QUESTION:
$a$ is a factor of $10$ and $b$ is a factor of $15$.
| Column A | Column B |
|---|---|
| The smallest value that ab must be a factor of | 30 |
Is Column A greater than/ smaller than / equal to Column B?
The possible values of $a$ are $1,2,5$ (and maybe $10$ itself?). The possible values of $b$ are $1,3,5$ (and maybe $15$?). So we could have $ab$ equal to $1,2,3,5,6,10,15,25$ and maybe a bunch more if $10$ and $15$ are included. So the smallest value that $ab$ could be a factor of, well, wouldn't that be $1$? or maybe $6$ if $1$ is not allowed? Either way, Column A would be smaller than Column B. But the solution states the opposite. I don't think I understand the question. Help appreciated!
Best Answer
The answer is $150$ which is greater than $30$, we must include the case when $a=10$ and $b=15$ (since the question doesn't explicitly ask us to use only non-trivial divisors).
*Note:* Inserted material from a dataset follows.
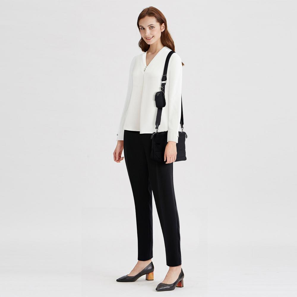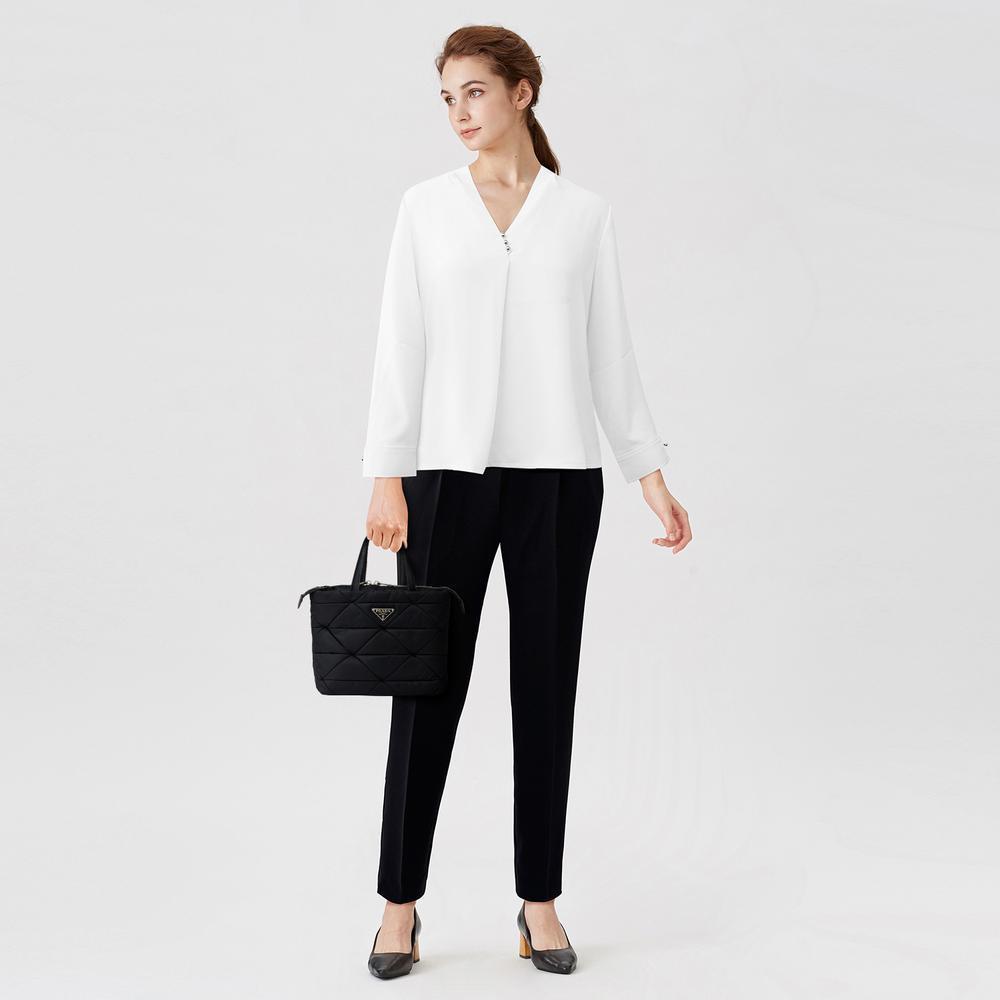 ・ナイロンにあしらわれたキルティングモチーフがエレガントで柔らかな印象を醸し出しながらも、コントラストの効いたアイコニックなトライアングルロゴとナッパレザー(羊革)のハンドルがスタイリッシュな表情を引き立てる多機能なナイロンパデッドトートバッグ。ショルダーストラップに取り付けられる、取り外し可能なナイロンポーチを備え、様々なシーンでカジュアルにお使いいただけるアイコニックなバッグです。

A justification of the above statement is as follows:
The set of all possible values for the product $ab$ is $\{1,2,3,5,6,10,15,25,30,50,75,150\}$. Now suppose the smallest value that $ab$ must be a factor of were less than $150$, take for instance that it was $75$, then if $ab=150$, we'd have the contradiction that $150$ is not a factor of $75$. We can extend this line of reasoning to any other number $<150$. Thus the only number that satisfies the requirements is $150$.
Hope this has convinced you!